We call graphs that are inherently asymmetric _directed graphs_.
Some times, we would like to put some _values_, often referred to as _weights_
or _costs_, on our objects or edges. Suppose that you have a road network, and
you want to know what the length, speed limits, or perhaps tolls, are on roads
(or all). Then we say that we have a _weighted graph_, and each edge $e =
(v_1, v_2)$ has an edge cost $c(e)$. If you have an _unweighted graph_, it's
the same as assuming that $c(e)= 1$ for all edges.

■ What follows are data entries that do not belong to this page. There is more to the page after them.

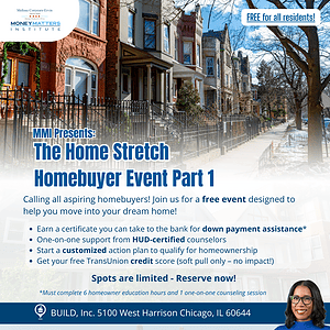 The Money Matters Institute Home Stretch: Homebuyer Event Part 1 at BUILD Chicago 📅 Date: Saturday, February 21, 2026 🕓 Time: 8:30 AM – 3:00 PM 📍 Location: BUILD Chicago – 5100 W Harrison St, Chicago, IL 60644 Have you started the process to secure your home? Join this two-part Home Stretch series hosted by […]
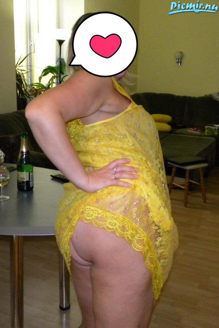 Дама аппетитной выглядит в своём жёлтом пеньюаре без трусов!
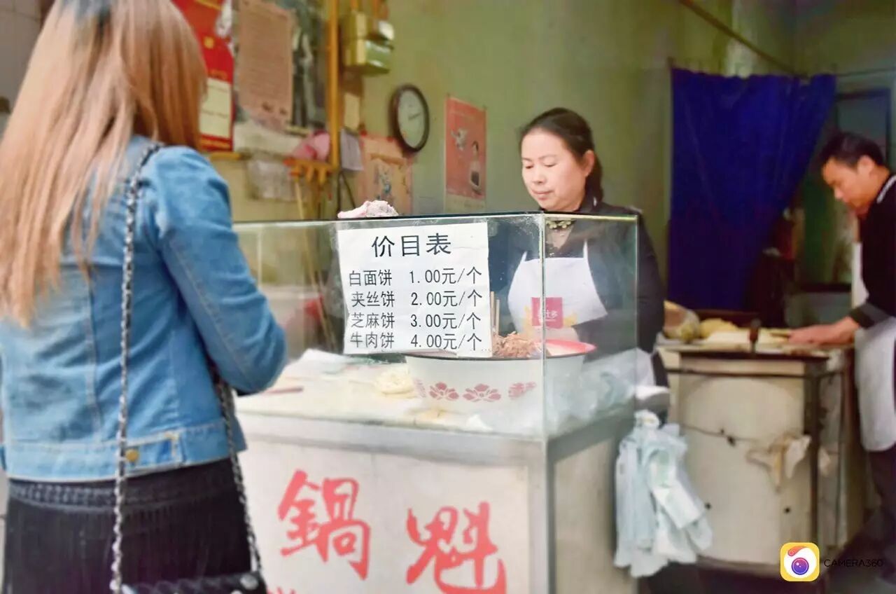 牛肉馅锅盔的肉馅每次都会用这些屉子现蒸。祝师傅说现蒸的味道好,能保证新鲜,客人也爱吃,所以卖的最快。在一旁的祝大娘,淘洗果菜、招呼顾客、负责装饼收钱。动作娴熟,两人配合默契。
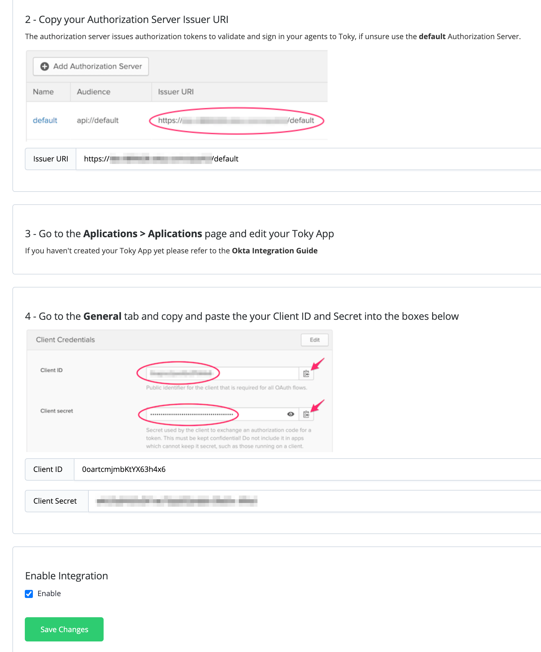 **Important**: These values are used by Toky to start the Authorization Code Flow with Okta from the server-side.
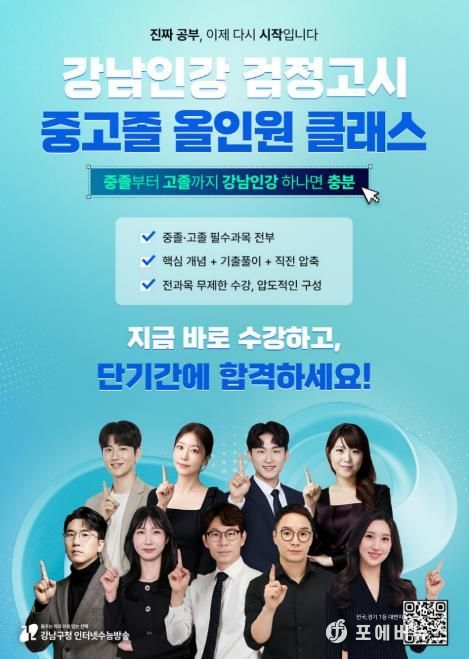 [ 포에버뉴스 김경순 기자 ] 꿈이 모이는 도시, 미래를 그리는 강남구가 검정고시 수험생을 위한 온라인 교육 콘텐츠 ‘강남인강 검정고시 올인원 클래스’를 개강한다. 고졸 과정은 3월 9일부터 강남인강 홈페이지에서 수강할 수 있다.

If you want to go from $A$ to $B$ in your road network, you might want to find
a route that is _shortest_, _fastest_, or _cheapest_. Short means length, fast
means length times (expected) speed, cheapest is perhaps sum of tolls. In all
these cases, the weight of an edge is some non-negative value. A road segment
cannot be a negative length, a speed limit is unlikely to be negative, and the
tolls on a road is likely non-negative (except someone has a crate of gold to
give you). However, one can definitely imagine negative weights: Let the
weight of a road segment represent the energy used by an electric vehicle (EV)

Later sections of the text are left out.